Grandes y cordiales amistades se entablaron entre ella y Felipe. Muchas veces al día oíase la argentina voz de Rosa Ido en la puerta: ¿Dan ustedes su primiso? Y sin esperar respuesta se metía dentro. Charlaba un rato con Alejandro, contándole chismes de la vecindad. Cuando Felipe iba a un recado le acompañaba hasta media escalera, cuando volvía se la encontraba en el mismo sitio con la harapienta muñeca en brazos. Centeno, a su vez, si su amo tenía visita, íbase a la casa de Ido, cuya esposa, algo mejorada de sus acerbos males, le hacía los honores con regaños.
El lugar de tertulia de Rosa y Felipe era una escalerilla que conducía a los tejados y a la pequeña azotea donde las vecinas tendían la ropa. En los escalones ponían los chicos sus juguetes, que eran pedazos de pucheros rotos, palitroques y carretes sin hilo, con los cuales hacían trenes de artillería. Allí instalaba Rosa su boudoir, consistente en un espejo roto, en dos flores de trapo, un carretito, medio peine, varios frascos vacíos, y allí desnudaba y vestía a la muñeca, asistida de su amigo, que para estas cosas tenía habilidad suma.
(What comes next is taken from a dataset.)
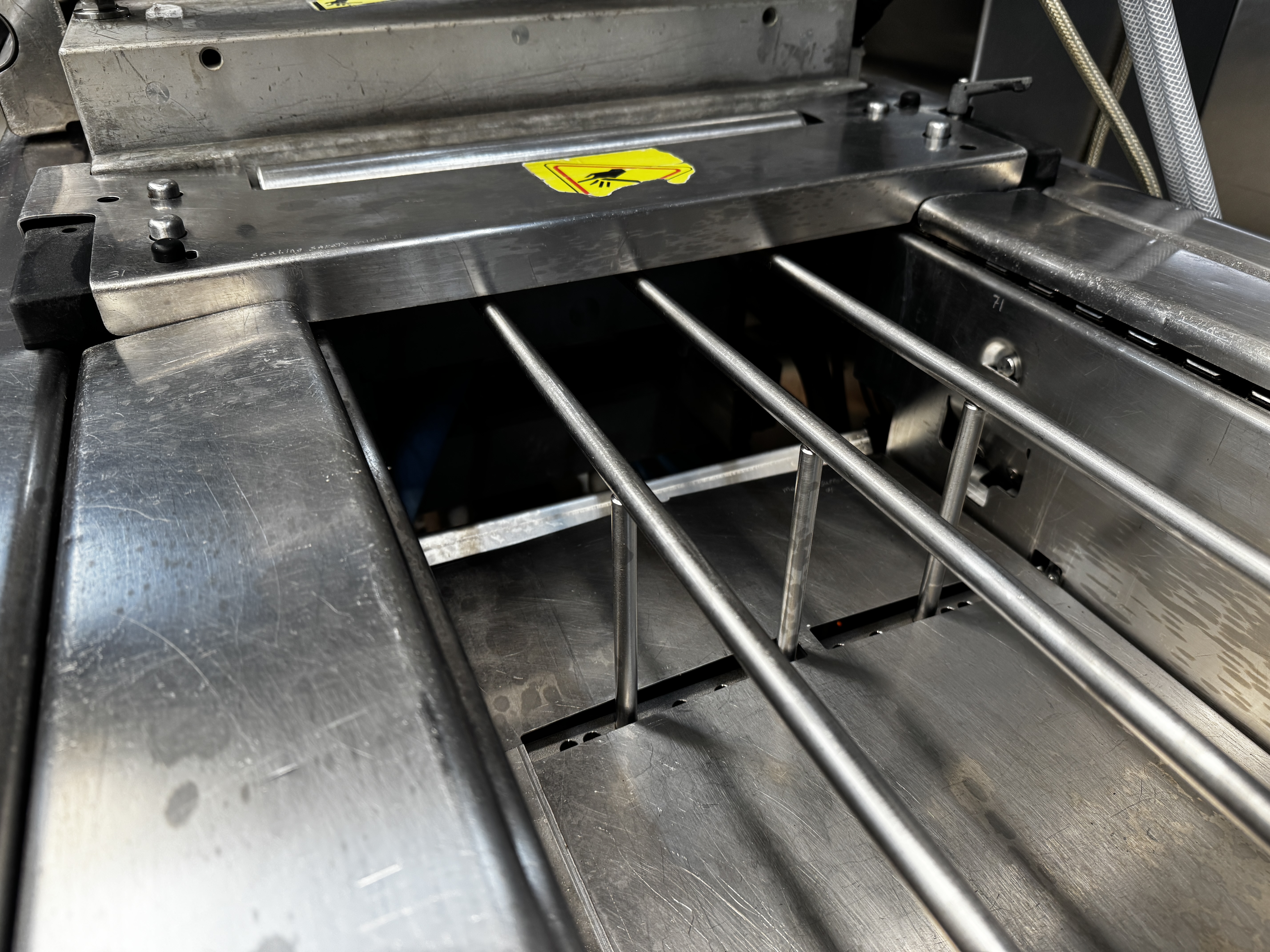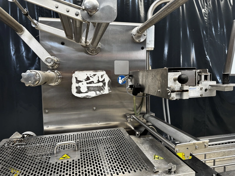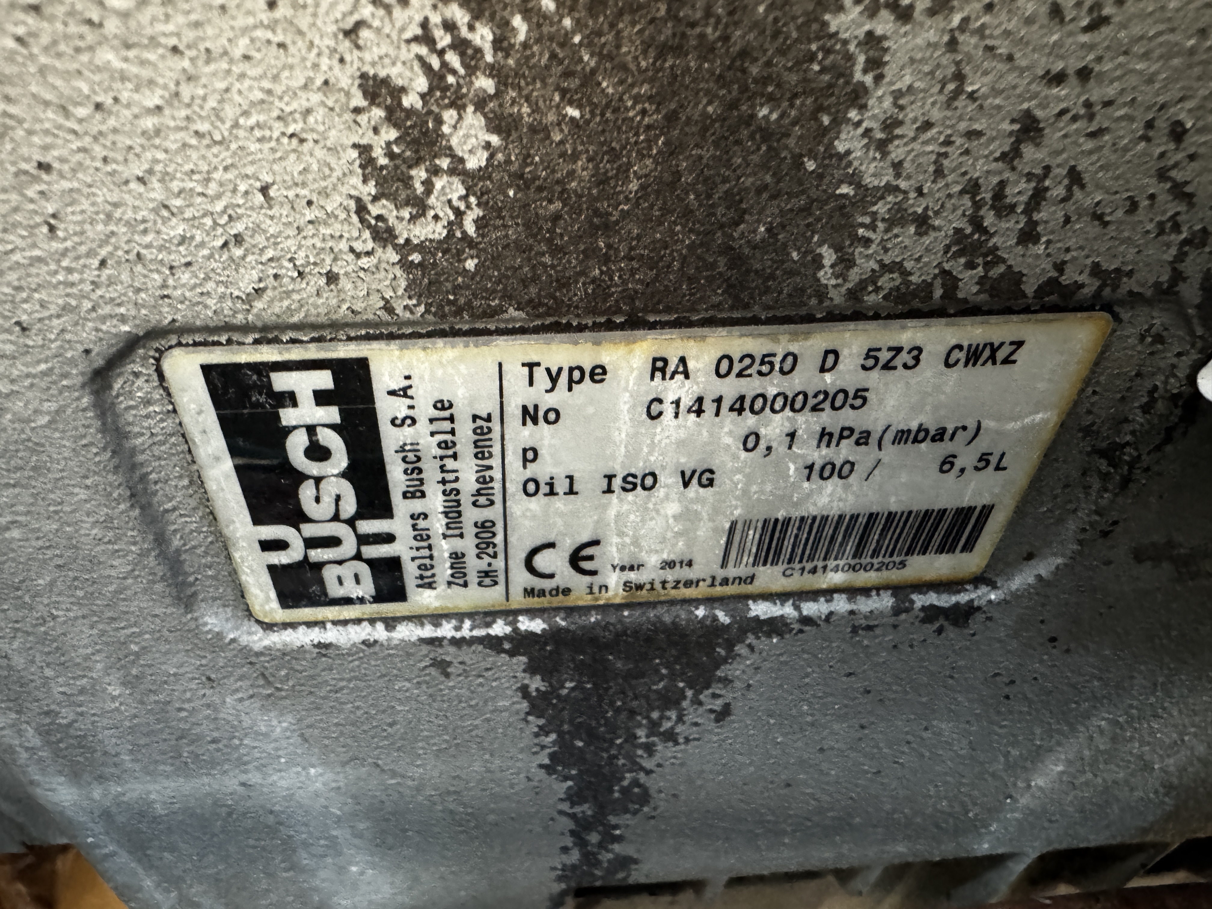 Multivac thermoformer, type: R145, serial number: 197815, year of construction: 2014, 400/230 V, 3 Ph, 50 Hz, 35 A, 12.5 kW, film width: 390 mm, (4x) dye: 175 mm x 70 mm, Busch vacuum pump, type: RA 0250 D 5Z3 CWXZ, capacity: 250 m³ per hour, total dimensions: 4600 mm x 1030 mm x 1950 mm.

Cuando estaban solos eran las grandes confianzas. Vaya de muestra.
ROSA IDO.- Felipe, la otra noche, cuando estuviste fuera todo el día y volviste bebido, vino la tal... ¡Qué enfado me dio!... me la hubiera comido. Mamá dice que es una mujer mala, y que señá Cirila es otra mala mujer. Dice que si la hermana parece tan guapa es porque se da pintura. Mamá y papá no se tratan con esta gente, porque ellos, aunque pobres, son de buena familia... El papá de mi mamá era lo que llaman cabrerizo de Palacio, de esos señores que van a caballo al lado de la Reina.
FELIPE.- (con autoridad). Se dice caballerizo y no cabrerizo.
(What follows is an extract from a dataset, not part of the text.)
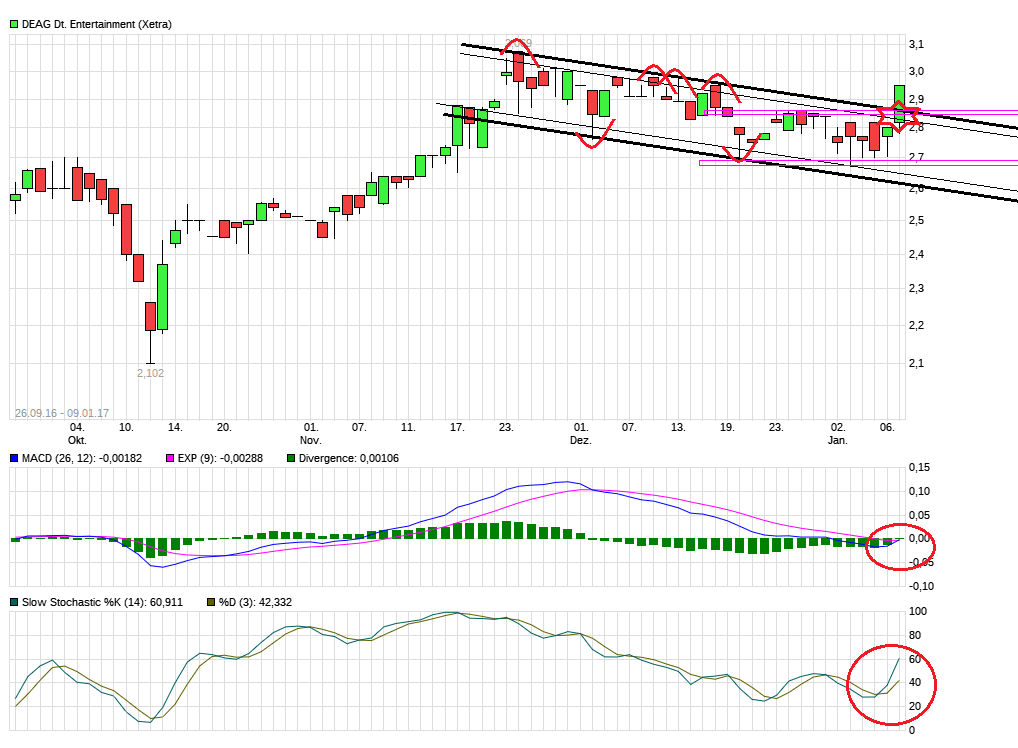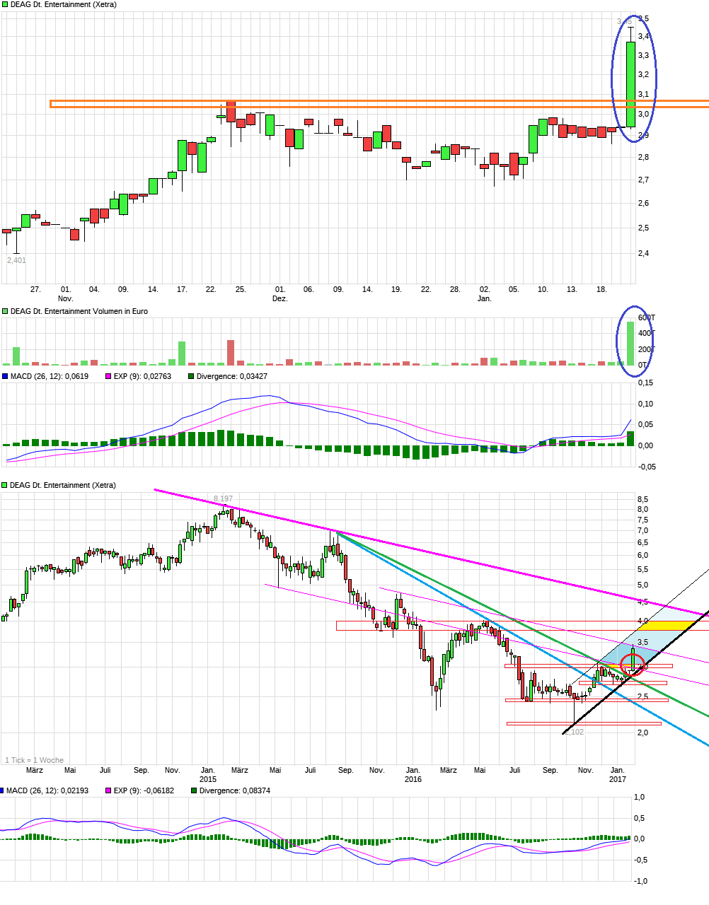 Nichtsdestotrotz, DEAG ist so oder so ein potenzieller Turnaround-Kandidat, der aber noch immer eine recht dünne Cashdecke noch hat nach den kostspieligen Vorfällen im Jahr 2015 und wo nichts mehr irgendwie nochmal schief gegen darf, damit man nicht in die Not kommt weiter Kapitalmaßnahmen durchzuführen. Der starke Einbruch des engl.Pfundes ist unschön und könnte auch noch weiter gehen. Eine Notierung in England wird auch Geld kosten. Ob da wirklich nennenswert Leute auf der Insel dann deswegen DEAG kaufen wollen? Alles ungewiß. Ich schau mit jetzt einfach das Chartbild an und handle im Kern danach. Aktuell scheint man sich über die Region um die 2,75 zu kämpfen. Käme aber bei ca. 2,95 schon wieder an eine weitere wichtige Hürde. Da könnte sich zeigen, ob man es schafft sich aus der großen seit Anfang Juli2015 bestehenden Seitwärtslage rauszuarbeiten. Das müßte man nachhaltig überwinden und danach verteidigen. Hoffen wir mal es gelingt.

ROSA.- Qué más da... Bien dice papá que tu tienes talento... Pues sí, vino la tal. Entró hecha una farotona, y me dijo: «chiquilla, vete». ¿Habrase visto...? Yo me salí, pero me quedé en la puerta para pescar algo... A D. Alejandro, cuando la vio, se le pusieron los ojos más relumbrones... Ella no se acercó a la cama; se puso alejos... ¿te enteras?... y le miraba con una lástima... ¿Cómo le dijo? No me acuerdo. Ello fue una cosa mu tierna, mu tierna. ¿Sabes lo que dice mamá? Que esa mujerona es quien ha matado a tu amo... Dimpués que hablaron dale que dale, contó ella que te había visto con una gran turca en el café...
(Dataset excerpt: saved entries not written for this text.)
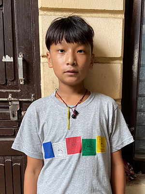 Tenzin Gadhen a neuf ans. Ils est de la première classe de l’École Tibétaine Sambhota à Shillong. Il joue volontiers avec ses amis et aime lire des contes et dessiner. Sa famille habite à Bomdila. Sa mère travaille au terroir et gagne peu pour les dépenses d’une famille
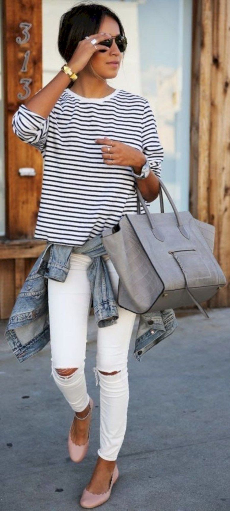 Легко одеть белые джинсы и придать им более изысканный вид. достигается нажатием кнопки. Сочетание белых джинсов с полосатыми пуговицами и серыми каблуками сделает ваши белые джинсы уместными для офиса.Конечно, это зависит от дресс-кода вашего офиса. Если у вас есть деловой повседневный дресс-код, ознакомьтесь с 20 рабочими нарядами: расшифровка женского делового повседневного стиля, советы по стилю и многое другое, чтобы получить больше вдохновения для офисной одежды.
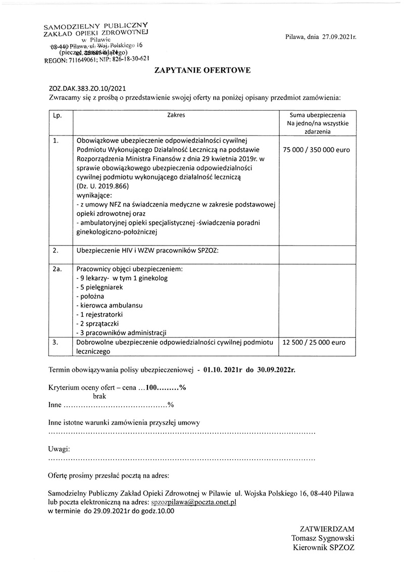 Zapytanie ofertowe na ubezpieczenie OC pracowników
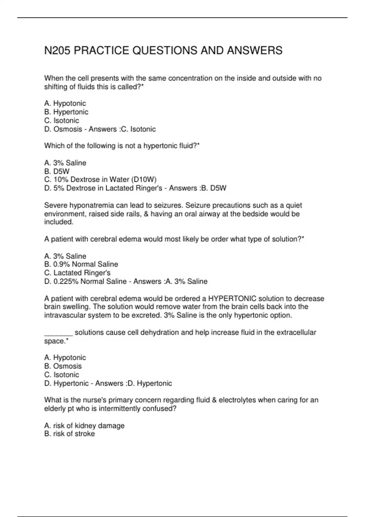 N205 PRACTICE QUESTIONS AND ANSWERS

FELIPE.- (avergonzado). Es mentira... Si la cojo...
ROSA.- Aguarda. Los dos se rieron, y aluego hablaron de otra cosa. ¡Qué ojos tiene tan rebonitos! D. Alejandro la miraba como un bobo, y parecía que se ponía bueno. Se sentó en la cama. Ella se prosimó entonces y le dio la mano. Dimpués sacó ella pesetas y las puso en la mesa de noche. Dice mamá que esa mujer le debe de haber sacado mucho dinero a tu amo, y que ahora es un bochorno para él que ella le dé limosna.
FELIPE.- ¡Quita allá!... ¿qué le ha de dar...? Será casualidad...
ROSA.- (bajando la voz). ¿Sabes lo que dice mamá? Que Cirila es una ladrona, y que está vendiendo la ropa de tu amo. Yo estoy volada. Me dan ganas de decirle: «so tía...». Es que tengo yo un genio... Conmigo no jugaba esa tiburona. Si yo fuera tú, la ponía en la calle... así... clarito, y le decía: «señora, ¿usted que se ha llegado a figurar? Dice papá que tu amo es un santo y que sabe hacer funciones del teatro, y que ganará mucho dinero; pero que antes se ha de morir... que no llega al mes que viene...
FELIPE.- (dando un suspiro). Cállate, mujer.